Recorded data:

--------------------------------------------------

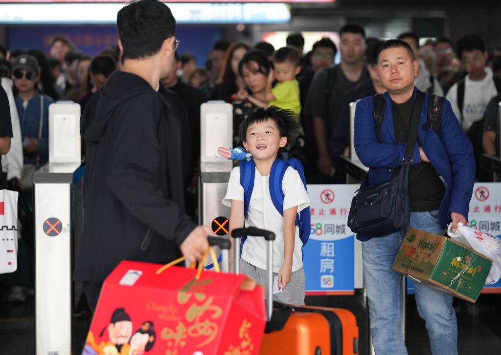 10月6日,剛抵達上海火車站的旅客在準備出站。當日是中秋、國慶長假的最后一天,全國各地迎來返程高峰。新華社記者 丁汀 攝
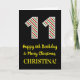La parte delantera de este sencillo y divertido diseño de tarjetas de felicitación de cumpleaños con temática de Navidades y cumpleaños, cuenta con un gran número "11", con un patrón de rayas rojas, blancas y verdes. También incluye el mensaje "Feliz cumpleaños número 11 y Feliz Navidad", y un nombre personalizado. El fondo del frente es negro de color. El interior presenta un mensaje de bienvenida de cumpleaños de personalizable, o tal vez podría ser borrado y dejado en blanco si se va a escribir un mensaje a mano. Una tarjeta de cumpleaños personalizada como esta podría ser una manera divertida de reconocer el undécimo cumpleaños de alguien que también cae el 25 de diciembre (Día del Navidad). [~Z0000405]
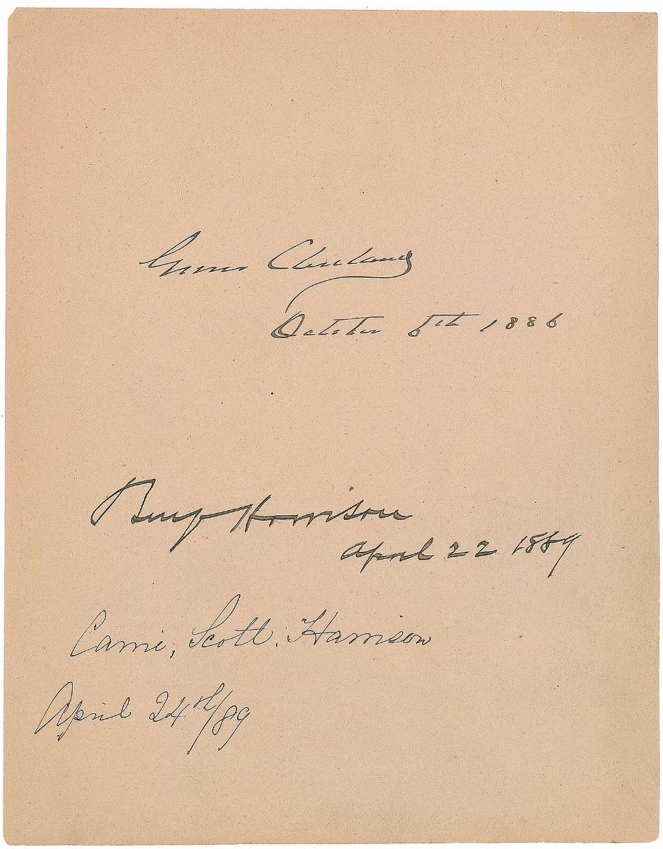 Desirable tandem of presidential signatures, both signed in ink on a beige 6.25 x 8 sheet, “Grover Cleveland, October 6th 1886” and “Benj. Harrison, April 22 1889.” Also signed below in ink, “Carrie Scott Harrison, April 24th/89.” Reverse bears ink signatures of William Jennings Bryan (affixed card) and James G. Blaine. In fine condition.
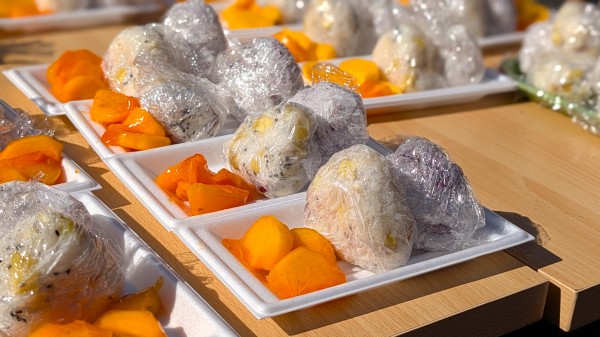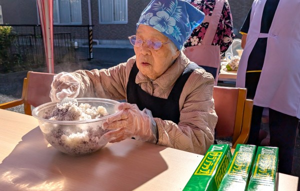 先日、畑で獲れたサツマイモのおにぎりとゆかりおにぎりの2種類をご用意☆
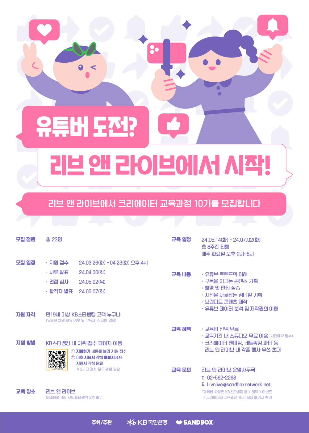 리브 앤 라이브 크리에이터 교육 과정 교육생 10기 모집 ○ 교육개요 - 크리에이터의 꿈, 현실이 되다! KB국민은행과 샌드박스네트워크…, 전시,포럼,세미나,축제정보를 마이스포털 코드엠에서
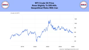WTI weekly crude oil price rose slightly to $59.44/b., on geopolitical risks with Iran.
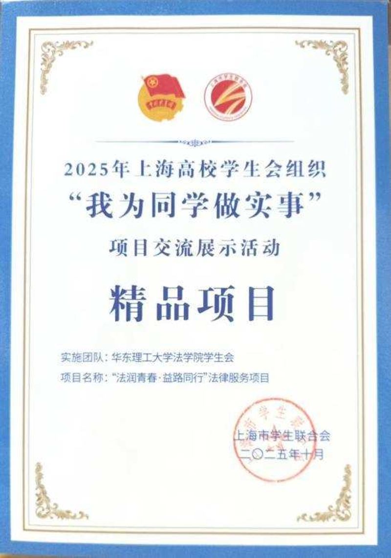 近日,2025年上海高校学生会组织“我为同学做实事”项目交流展示活动落幕。我校法学院学生会申报的“法润青春·益路同行”法律服务项目从全市众多参赛项目中脱颖而出,荣获上海市学生联合会“我为同学做实事”精品项目称号,全市仅7所高校学生会获此殊荣。这一成绩充分展现了华理学子服务同学、践行法治的青春风采,也是我校学生会深入推进“我为同学做实事”实践项目建设的重要成果。
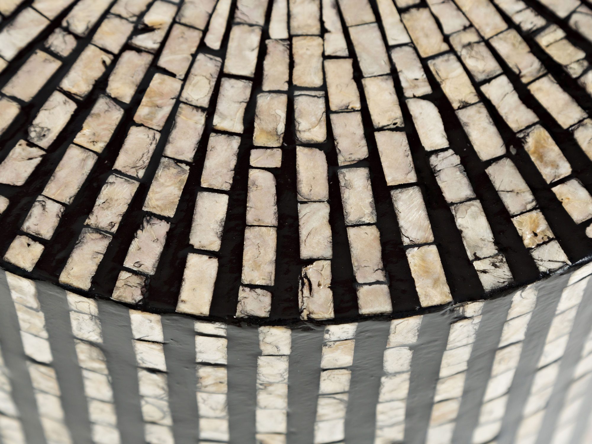Oryginalny stolik wykonany z naturalnej muszli morskiej, z ręcznie nanoszonym wzorem, stanowi wyjątkowy akcent do każdego wnętrza. Jego czarny kolor z piaskowymi akcentami w połączeniu z naturalnym materiałem sprawiają, że mebel jest zarówno elegancki, jak i nietuzinkowy. Idealny do salonu, sypialni czy innych przestrzeni, w których chcemy dodać unikalnego charakteru.
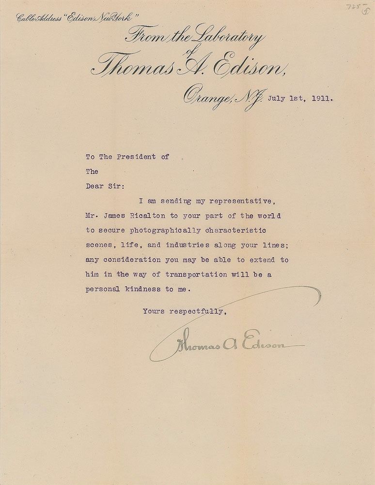 TLS signed “Thomas A. Edison,” one page, 8.5 x 11, From the Laboratory of Thomas A. Edison letterhead, July 1, 1911. Interesting form letter to the president of an unnamed nation, in full: "I am sending my representative, Mr. James Ricalton to your part of the world to secure photographically characteristic scenes, life, and industries along your lines; any consideration you may be able to extend to him in the way of transportation will be a personal kindness to me." Removably encapsulated in a mylar sleeve. In fine condition. Ricalton was a teacher, inventor, and photographer who circumnavigated the world seven times. His voyages first came to Edison's attention in the 1880s, and in 1888 he financed Ricalton's expedition to the Far East to search for a bamboo filament suitable for use in the incandescent lamp. In 1912, Edison dispatched Ricalton to Africa to test a motion picture camera—a trip that was presumably the subject of this letter. Interesting and unusual content in a letter boasting an ideal, complete example of Edison's iconic 'umbrella' signature.
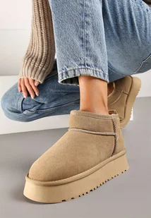 Beżowe Śniegowce na Platformie z Naturalnego Zamszu Maziera
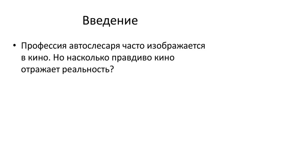 Введение• Профессия автослесаря часто изображается
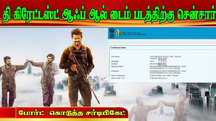 தி கிரேட்டஸ்ட் ஆஃப் ஆல் டைம் படத்திற்கு சென்சார் போர்ட் கொடுத்த சர்டிபிகேட்
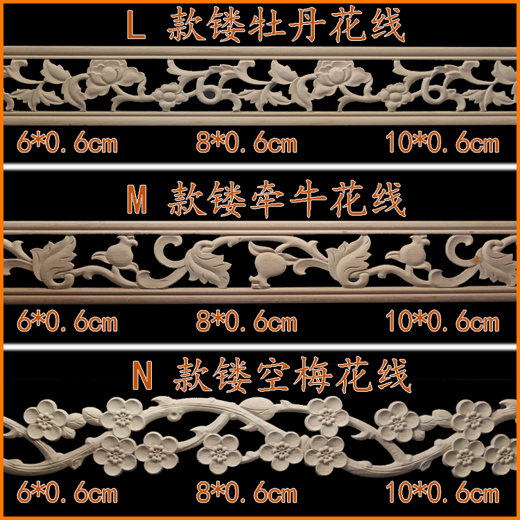 Wood Carving Line Beech Chinese Great Wall Line Back Line Carved Line Wooden Moulding Ceiling Edge Line Photo Frame Decorative Line
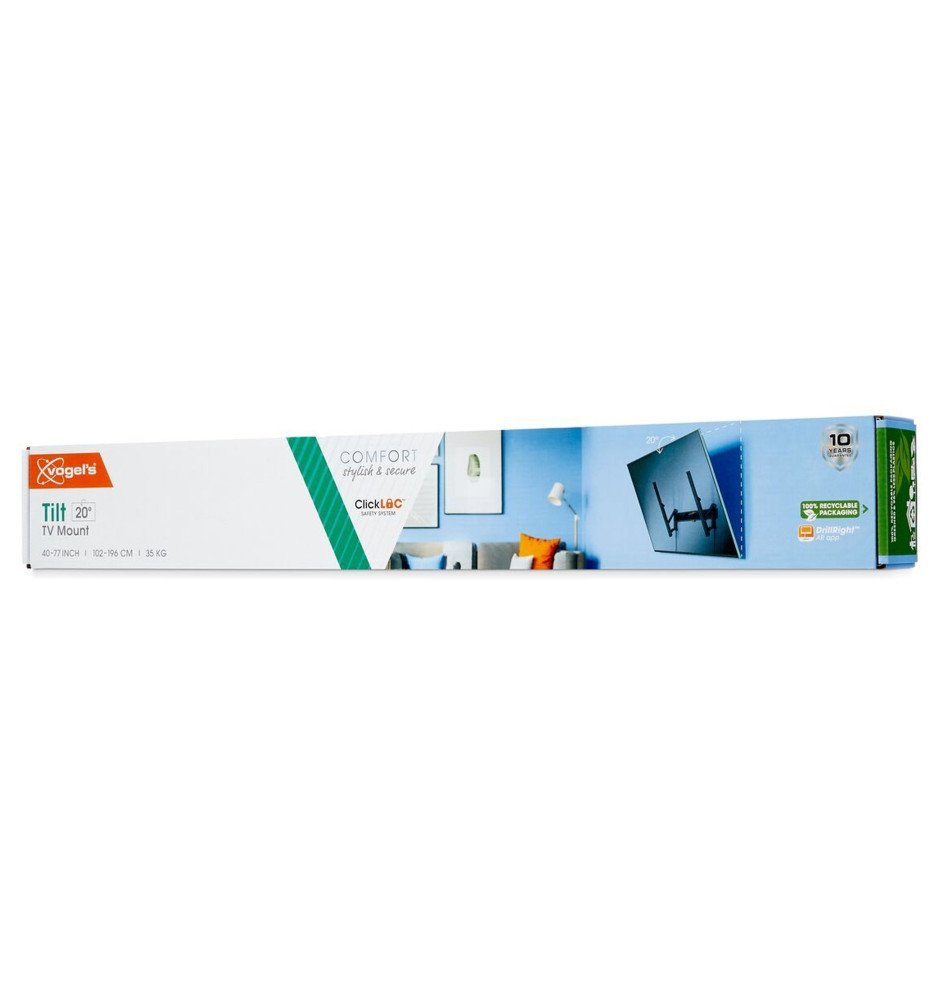 Stylowy i wytrzymały uchylny uchwyt ścienny z serii Comfort z funkcją blokowania ClickLoc™, dedykowany do większych telewizorów o przekątnej ekranu od 40" do 77" i wadze do 35 kg.

--------------------------------------------------

** Work to be completed **
What is needed is an exact copy of the records above, with no pictures in it.

** Exercise solution **
 10月6日,剛抵達上海火車站的旅客在準備出站。當日是中秋、國慶長假的最后一天,全國各地迎來返程高峰。新華社記者 丁汀 攝
La parte delantera de este sencillo y divertido diseño de tarjetas de felicitación de cumpleaños con temática de Navidades y cumpleaños, cuenta con un gran número "11", con un patrón de rayas rojas, blancas y verdes. También incluye el mensaje "Feliz cumpleaños número 11 y Feliz Navidad", y un nombre personalizado. El fondo del frente es negro de color. El interior presenta un mensaje de bienvenida de cumpleaños de personalizable, o tal vez podría ser borrado y dejado en blanco si se va a escribir un mensaje a mano. Una tarjeta de cumpleaños personalizada como esta podría ser una manera divertida de reconocer el undécimo cumpleaños de alguien que también cae el 25 de diciembre (Día del Navidad). [~Z0000405]
 Desirable tandem of presidential signatures, both signed in ink on a beige 6.25 x 8 sheet, “Grover Cleveland, October 6th 1886” and “Benj. Harrison, April 22 1889.” Also signed below in ink, “Carrie Scott Harrison, April 24th/89.” Reverse bears ink signatures of William Jennings Bryan (affixed card) and James G. Blaine. In fine condition.
 先日、畑で獲れたサツマイモのおにぎりとゆかりおにぎりの2種類をご用意☆
 리브 앤 라이브 크리에이터 교육 과정 교육생 10기 모집 ○ 교육개요 - 크리에이터의 꿈, 현실이 되다! KB국민은행과 샌드박스네트워크…, 전시,포럼,세미나,축제정보를 마이스포털 코드엠에서
WTI weekly crude oil price rose slightly to $59.44/b., on geopolitical risks with Iran.
 近日,2025年上海高校学生会组织“我为同学做实事”项目交流展示活动落幕。我校法学院学生会申报的“法润青春·益路同行”法律服务项目从全市众多参赛项目中脱颖而出,荣获上海市学生联合会“我为同学做实事”精品项目称号,全市仅7所高校学生会获此殊荣。这一成绩充分展现了华理学子服务同学、践行法治的青春风采,也是我校学生会深入推进“我为同学做实事”实践项目建设的重要成果。
Oryginalny stolik wykonany z naturalnej muszli morskiej, z ręcznie nanoszonym wzorem, stanowi wyjątkowy akcent do każdego wnętrza. Jego czarny kolor z piaskowymi akcentami w połączeniu z naturalnym materiałem sprawiają, że mebel jest zarówno elegancki, jak i nietuzinkowy. Idealny do salonu, sypialni czy innych przestrzeni, w których chcemy dodać unikalnego charakteru.
 TLS signed “Thomas A. Edison,” one page, 8.5 x 11, From the Laboratory of Thomas A. Edison letterhead, July 1, 1911. Interesting form letter to the president of an unnamed nation, in full: "I am sending my representative, Mr. James Ricalton to your part of the world to secure photographically characteristic scenes, life, and industries along your lines; any consideration you may be able to extend to him in the way of transportation will be a personal kindness to me." Removably encapsulated in a mylar sleeve. In fine condition. Ricalton was a teacher, inventor, and photographer who circumnavigated the world seven times. His voyages first came to Edison's attention in the 1880s, and in 1888 he financed Ricalton's expedition to the Far East to search for a bamboo filament suitable for use in the incandescent lamp. In 1912, Edison dispatched Ricalton to Africa to test a motion picture camera—a trip that was presumably the subject of this letter. Interesting and unusual content in a letter boasting an ideal, complete example of Edison's iconic 'umbrella' signature.
 Beżowe Śniegowce na Platformie z Naturalnego Zamszu Maziera
 Введение• Профессия автослесаря часто изображается
 தி கிரேட்டஸ்ட் ஆஃப் ஆல் டைம் படத்திற்கு சென்சார் போர்ட் கொடுத்த சர்டிபிகேட்
 Wood Carving Line Beech Chinese Great Wall Line Back Line Carved Line Wooden Moulding Ceiling Edge Line Photo Frame Decorative Line
 Stylowy i wytrzymały uchylny uchwyt ścienny z serii Comfort z funkcją blokowania ClickLoc™, dedykowany do większych telewizorów o przekątnej ekranu od 40" do 77" i wadze do 35 kg.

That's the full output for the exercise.